Thursday, August 11, 2016

I never thought I'd see that language in a theorem

In connection with an earlier post, I started reading a paper titled On the Stability of Geodesics in the Brownian Map(*) On page 2, after their first Definition came "Theorem 1. Almost surely, for all x,y etc."

That doesn't sound much like your old geometry course, does it? "Almost surely" is a phrase I'd never seen before. In context, it makes sense. In good old ordinary Euclidean geometry, if you pick any point and any distance R > 0 (no matter how small), you can, guaranteed, find an infinite number of points closer to the first point than R. In the systems they're writing about, though, it's not quite the same--distances are random. For example, if the Euclidean distance between two points is ρ, a random distance might be ρ times a random scale--which could be bigger than 1 or less; it just can't be 0.

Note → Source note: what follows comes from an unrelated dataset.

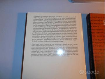 1) Discorsi di Ermete Trismegisto. Corpo ermetico-Asclepio La paternità del Corpo ermetico e dell'Ascepio fu attribuita dalla tradizione al dio Ermes, identificato dai Greci con l'egizio Thot, depositario della sapienza e scriba degli dèi. Eccelso come filosofo per la sua vasta conoscenza. Come sacerdote per la pratica di culti divini e degno del rango regale come amministratore delle leggi, Ermete venne giustamente chiamato "Trismegisto", il "tre volte grande". Di Elaine Pagels: 2) I Vangeli gnostici Nel dicembre 1945, a Nag Hammadi, nell'Alto Egitto, un contadino arabo trovò seppellita nella sabbia una giara di terracotta rossa contenente tredici volumi di papiro rilegati in cuoio. Erano i testi sacri di quell'ala gnostica del Cristianesimo primitivo che, fiorita tra il I e II IV secolo d.C. dall'Iraq all'Egitto, da Roma a Lione, era stata soffocata dall'ortodossia organizzata. Solo da poco si è cominciato a capire l'importanza di questi scritti. Da essi appare, fra l'altro, che già nei primi secoli si sentiva la necessità di affrontare problemi finora ritenuti più recenti: la resurrezione di Gesù è un fatto storico o simbolico. Qual è la vera Chiesa, quella "celeste o quella "terrestre"? Dio è solo Padre o anche Madre? 3) Il Vangelo segreto di San Tommaso Ha un valore storico e teologico inestimabile perché presenta straordinarie affinità con il coevo racconto di Giovanni, l'evangelista dal linguaggio più esoterico e profondo. Come mai, allora, il Vangelo di Giovanni fu incluso nel Nuovo Testamento, insieme a quelli di Matteo, Marco e Luca e alle lettere di Paolo, mentre i "detti segreti" di Tommaso furono condannati alla distruzione? La Pagels, una delle maggiori storiche della cristianità, istituisce un appassionato confronto storico e filologico fra il Vangelo di Tommaso (di cui fornisce una nuova traduzione) e quello di Giovanni, proponendo una nuova chiave di lettura di pagine di storia cristiana rimaste celate. Non fruiti, al pari del nuovo (magazzino).
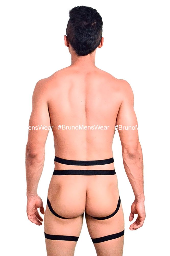 Confeccionado en licra SpandexPoliéster estampado rainbow en “bulge”, con “tirantes” de elástico afelpado color negro a la entre pierna y cintura con “detalle” de argollas de “acero metálico” al pubis.

In that case, for some given point, it is possible that the scale factor is big enough that the distance is now bigger than R. It is even possible, though infinitely unlikely, that all new distances are bigger than R.

So "almost surely" means something like "it is infinitely unlikely that this is false, but not a mathematical certainty. There might be a finite number of exceptions compared to the infinite number that are true."

Learn something new every day. There's a lot to learn.


(*)Sounds impressive, doesn't it? I wish I understood it. Some good advice I ran across once said to read a paper all the way through to get what sense you can, no matter what seems to be missing. Then go back and read it again and identify the parts you need to know and don't, and then look those up, and then read it a third time, trying to work through the proofs. One of these days I should take that advice.